• What this task involves:
All of the entries below need to be repeated exactly.

:: Stored data ::

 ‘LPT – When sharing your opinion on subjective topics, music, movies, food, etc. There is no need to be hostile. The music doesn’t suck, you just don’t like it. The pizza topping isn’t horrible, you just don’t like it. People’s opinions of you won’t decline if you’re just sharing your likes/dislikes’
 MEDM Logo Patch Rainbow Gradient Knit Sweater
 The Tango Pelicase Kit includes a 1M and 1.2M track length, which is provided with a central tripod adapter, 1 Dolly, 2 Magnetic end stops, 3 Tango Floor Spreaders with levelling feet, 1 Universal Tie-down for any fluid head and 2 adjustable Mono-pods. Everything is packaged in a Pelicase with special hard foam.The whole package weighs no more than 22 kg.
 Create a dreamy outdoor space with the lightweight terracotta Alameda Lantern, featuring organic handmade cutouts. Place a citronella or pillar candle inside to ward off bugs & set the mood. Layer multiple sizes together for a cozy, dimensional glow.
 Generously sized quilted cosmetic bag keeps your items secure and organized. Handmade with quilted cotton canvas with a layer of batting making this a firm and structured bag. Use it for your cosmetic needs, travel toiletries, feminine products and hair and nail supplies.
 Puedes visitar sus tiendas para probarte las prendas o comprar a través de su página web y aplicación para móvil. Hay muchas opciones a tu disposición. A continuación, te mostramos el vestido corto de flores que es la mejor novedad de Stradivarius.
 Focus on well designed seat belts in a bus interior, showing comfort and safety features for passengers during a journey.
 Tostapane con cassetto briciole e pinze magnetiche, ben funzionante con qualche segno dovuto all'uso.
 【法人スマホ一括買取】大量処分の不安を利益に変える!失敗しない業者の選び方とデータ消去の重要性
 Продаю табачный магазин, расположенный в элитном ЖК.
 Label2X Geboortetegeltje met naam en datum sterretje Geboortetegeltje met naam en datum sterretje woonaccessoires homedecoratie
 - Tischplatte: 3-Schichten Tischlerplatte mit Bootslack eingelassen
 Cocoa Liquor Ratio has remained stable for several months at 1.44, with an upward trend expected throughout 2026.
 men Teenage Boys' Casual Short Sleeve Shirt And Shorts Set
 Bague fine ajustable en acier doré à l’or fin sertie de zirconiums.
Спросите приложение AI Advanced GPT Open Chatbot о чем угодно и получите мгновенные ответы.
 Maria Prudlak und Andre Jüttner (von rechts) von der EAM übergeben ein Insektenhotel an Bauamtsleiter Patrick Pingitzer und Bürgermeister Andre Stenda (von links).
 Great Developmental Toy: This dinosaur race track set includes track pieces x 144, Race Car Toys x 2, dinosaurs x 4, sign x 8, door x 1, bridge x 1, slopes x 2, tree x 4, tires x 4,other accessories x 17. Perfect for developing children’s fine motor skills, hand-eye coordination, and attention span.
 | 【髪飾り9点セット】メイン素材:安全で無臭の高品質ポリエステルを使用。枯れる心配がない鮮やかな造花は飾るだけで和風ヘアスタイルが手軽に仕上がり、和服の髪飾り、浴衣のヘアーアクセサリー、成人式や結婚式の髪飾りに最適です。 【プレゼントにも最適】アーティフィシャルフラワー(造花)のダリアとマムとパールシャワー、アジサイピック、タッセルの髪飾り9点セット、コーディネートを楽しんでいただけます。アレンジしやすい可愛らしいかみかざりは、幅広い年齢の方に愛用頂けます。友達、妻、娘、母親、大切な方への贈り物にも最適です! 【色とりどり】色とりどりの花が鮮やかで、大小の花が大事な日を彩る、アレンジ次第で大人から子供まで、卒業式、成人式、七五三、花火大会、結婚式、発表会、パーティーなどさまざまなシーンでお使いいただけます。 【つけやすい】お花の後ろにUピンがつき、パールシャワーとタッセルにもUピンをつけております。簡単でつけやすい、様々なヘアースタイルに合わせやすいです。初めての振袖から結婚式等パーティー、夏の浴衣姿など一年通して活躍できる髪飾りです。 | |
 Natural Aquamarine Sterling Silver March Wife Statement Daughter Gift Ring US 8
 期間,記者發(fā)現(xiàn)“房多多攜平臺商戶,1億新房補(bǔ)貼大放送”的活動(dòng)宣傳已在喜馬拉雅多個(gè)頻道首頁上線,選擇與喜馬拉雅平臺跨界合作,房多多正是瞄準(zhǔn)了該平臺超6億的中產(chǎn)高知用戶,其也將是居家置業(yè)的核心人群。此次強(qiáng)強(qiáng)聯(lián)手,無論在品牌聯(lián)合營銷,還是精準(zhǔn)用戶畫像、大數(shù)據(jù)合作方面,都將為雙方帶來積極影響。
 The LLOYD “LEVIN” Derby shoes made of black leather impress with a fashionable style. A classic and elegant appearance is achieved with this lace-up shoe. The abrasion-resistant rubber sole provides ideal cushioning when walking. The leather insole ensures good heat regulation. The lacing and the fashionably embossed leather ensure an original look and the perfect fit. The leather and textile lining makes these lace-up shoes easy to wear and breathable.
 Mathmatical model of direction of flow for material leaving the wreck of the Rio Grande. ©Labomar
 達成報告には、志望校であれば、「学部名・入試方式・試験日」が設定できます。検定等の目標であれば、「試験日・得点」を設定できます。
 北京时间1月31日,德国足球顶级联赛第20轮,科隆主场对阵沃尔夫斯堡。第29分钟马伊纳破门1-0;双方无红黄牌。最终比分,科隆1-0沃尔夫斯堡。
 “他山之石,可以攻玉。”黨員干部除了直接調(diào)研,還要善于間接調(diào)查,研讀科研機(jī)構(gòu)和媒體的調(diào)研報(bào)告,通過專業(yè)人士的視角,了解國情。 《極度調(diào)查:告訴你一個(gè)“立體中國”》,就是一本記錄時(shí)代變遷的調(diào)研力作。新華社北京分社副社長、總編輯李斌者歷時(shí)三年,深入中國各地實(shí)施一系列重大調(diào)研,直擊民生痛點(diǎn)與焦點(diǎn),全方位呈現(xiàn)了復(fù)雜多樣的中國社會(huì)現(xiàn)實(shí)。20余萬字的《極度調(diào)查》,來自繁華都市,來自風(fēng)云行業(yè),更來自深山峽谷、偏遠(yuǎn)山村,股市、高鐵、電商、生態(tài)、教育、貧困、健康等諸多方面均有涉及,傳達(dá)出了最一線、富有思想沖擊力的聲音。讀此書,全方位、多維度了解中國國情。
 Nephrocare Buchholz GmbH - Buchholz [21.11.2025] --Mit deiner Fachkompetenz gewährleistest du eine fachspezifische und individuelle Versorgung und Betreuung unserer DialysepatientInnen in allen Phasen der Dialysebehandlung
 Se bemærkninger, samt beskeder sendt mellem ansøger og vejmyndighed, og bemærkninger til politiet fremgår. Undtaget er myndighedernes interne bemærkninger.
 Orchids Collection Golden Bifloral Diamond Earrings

:::

• Answer to this problem:
 ‘LPT – When sharing your opinion on subjective topics, music, movies, food, etc. There is no need to be hostile. The music doesn’t suck, you just don’t like it. The pizza topping isn’t horrible, you just don’t like it. People’s opinions of you won’t decline if you’re just sharing your likes/dislikes’
 MEDM Logo Patch Rainbow Gradient Knit Sweater
 The Tango Pelicase Kit includes a 1M and 1.2M track length, which is provided with a central tripod adapter, 1 Dolly, 2 Magnetic end stops, 3 Tango Floor Spreaders with levelling feet, 1 Universal Tie-down for any fluid head and 2 adjustable Mono-pods. Everything is packaged in a Pelicase with special hard foam.The whole package weighs no more than 22 kg.
 Create a dreamy outdoor space with the lightweight terracotta Alameda Lantern, featuring organic handmade cutouts. Place a citronella or pillar candle inside to ward off bugs & set the mood. Layer multiple sizes together for a cozy, dimensional glow.
 Generously sized quilted cosmetic bag keeps your items secure and organized. Handmade with quilted cotton canvas with a layer of batting making this a firm and structured bag. Use it for your cosmetic needs, travel toiletries, feminine products and hair and nail supplies.
 Puedes visitar sus tiendas para probarte las prendas o comprar a través de su página web y aplicación para móvil. Hay muchas opciones a tu disposición. A continuación, te mostramos el vestido corto de flores que es la mejor novedad de Stradivarius.
 Focus on well designed seat belts in a bus interior, showing comfort and safety features for passengers during a journey.
 Tostapane con cassetto briciole e pinze magnetiche, ben funzionante con qualche segno dovuto all'uso.
 【法人スマホ一括買取】大量処分の不安を利益に変える!失敗しない業者の選び方とデータ消去の重要性
 Продаю табачный магазин, расположенный в элитном ЖК.
 Label2X Geboortetegeltje met naam en datum sterretje Geboortetegeltje met naam en datum sterretje woonaccessoires homedecoratie
 - Tischplatte: 3-Schichten Tischlerplatte mit Bootslack eingelassen
 Cocoa Liquor Ratio has remained stable for several months at 1.44, with an upward trend expected throughout 2026.
 men Teenage Boys' Casual Short Sleeve Shirt And Shorts Set
 Bague fine ajustable en acier doré à l’or fin sertie de zirconiums.
Спросите приложение AI Advanced GPT Open Chatbot о чем угодно и получите мгновенные ответы.
 Maria Prudlak und Andre Jüttner (von rechts) von der EAM übergeben ein Insektenhotel an Bauamtsleiter Patrick Pingitzer und Bürgermeister Andre Stenda (von links).
 Great Developmental Toy: This dinosaur race track set includes track pieces x 144, Race Car Toys x 2, dinosaurs x 4, sign x 8, door x 1, bridge x 1, slopes x 2, tree x 4, tires x 4,other accessories x 17. Perfect for developing children’s fine motor skills, hand-eye coordination, and attention span.
 | 【髪飾り9点セット】メイン素材:安全で無臭の高品質ポリエステルを使用。枯れる心配がない鮮やかな造花は飾るだけで和風ヘアスタイルが手軽に仕上がり、和服の髪飾り、浴衣のヘアーアクセサリー、成人式や結婚式の髪飾りに最適です。 【プレゼントにも最適】アーティフィシャルフラワー(造花)のダリアとマムとパールシャワー、アジサイピック、タッセルの髪飾り9点セット、コーディネートを楽しんでいただけます。アレンジしやすい可愛らしいかみかざりは、幅広い年齢の方に愛用頂けます。友達、妻、娘、母親、大切な方への贈り物にも最適です! 【色とりどり】色とりどりの花が鮮やかで、大小の花が大事な日を彩る、アレンジ次第で大人から子供まで、卒業式、成人式、七五三、花火大会、結婚式、発表会、パーティーなどさまざまなシーンでお使いいただけます。 【つけやすい】お花の後ろにUピンがつき、パールシャワーとタッセルにもUピンをつけております。簡単でつけやすい、様々なヘアースタイルに合わせやすいです。初めての振袖から結婚式等パーティー、夏の浴衣姿など一年通して活躍できる髪飾りです。 | |
 Natural Aquamarine Sterling Silver March Wife Statement Daughter Gift Ring US 8
 期間,記者發(fā)現(xiàn)“房多多攜平臺商戶,1億新房補(bǔ)貼大放送”的活動(dòng)宣傳已在喜馬拉雅多個(gè)頻道首頁上線,選擇與喜馬拉雅平臺跨界合作,房多多正是瞄準(zhǔn)了該平臺超6億的中產(chǎn)高知用戶,其也將是居家置業(yè)的核心人群。此次強(qiáng)強(qiáng)聯(lián)手,無論在品牌聯(lián)合營銷,還是精準(zhǔn)用戶畫像、大數(shù)據(jù)合作方面,都將為雙方帶來積極影響。
 The LLOYD “LEVIN” Derby shoes made of black leather impress with a fashionable style. A classic and elegant appearance is achieved with this lace-up shoe. The abrasion-resistant rubber sole provides ideal cushioning when walking. The leather insole ensures good heat regulation. The lacing and the fashionably embossed leather ensure an original look and the perfect fit. The leather and textile lining makes these lace-up shoes easy to wear and breathable.
 Mathmatical model of direction of flow for material leaving the wreck of the Rio Grande. ©Labomar
 達成報告には、志望校であれば、「学部名・入試方式・試験日」が設定できます。検定等の目標であれば、「試験日・得点」を設定できます。
 北京时间1月31日,德国足球顶级联赛第20轮,科隆主场对阵沃尔夫斯堡。第29分钟马伊纳破门1-0;双方无红黄牌。最终比分,科隆1-0沃尔夫斯堡。
 “他山之石,可以攻玉。”黨員干部除了直接調(diào)研,還要善于間接調(diào)查,研讀科研機(jī)構(gòu)和媒體的調(diào)研報(bào)告,通過專業(yè)人士的視角,了解國情。 《極度調(diào)查:告訴你一個(gè)“立體中國”》,就是一本記錄時(shí)代變遷的調(diào)研力作。新華社北京分社副社長、總編輯李斌者歷時(shí)三年,深入中國各地實(shí)施一系列重大調(diào)研,直擊民生痛點(diǎn)與焦點(diǎn),全方位呈現(xiàn)了復(fù)雜多樣的中國社會(huì)現(xiàn)實(shí)。20余萬字的《極度調(diào)查》,來自繁華都市,來自風(fēng)云行業(yè),更來自深山峽谷、偏遠(yuǎn)山村,股市、高鐵、電商、生態(tài)、教育、貧困、健康等諸多方面均有涉及,傳達(dá)出了最一線、富有思想沖擊力的聲音。讀此書,全方位、多維度了解中國國情。
 Nephrocare Buchholz GmbH - Buchholz [21.11.2025] --Mit deiner Fachkompetenz gewährleistest du eine fachspezifische und individuelle Versorgung und Betreuung unserer DialysepatientInnen in allen Phasen der Dialysebehandlung
 Se bemærkninger, samt beskeder sendt mellem ansøger og vejmyndighed, og bemærkninger til politiet fremgår. Undtaget er myndighedernes interne bemærkninger.
 Orchids Collection Golden Bifloral Diamond Earrings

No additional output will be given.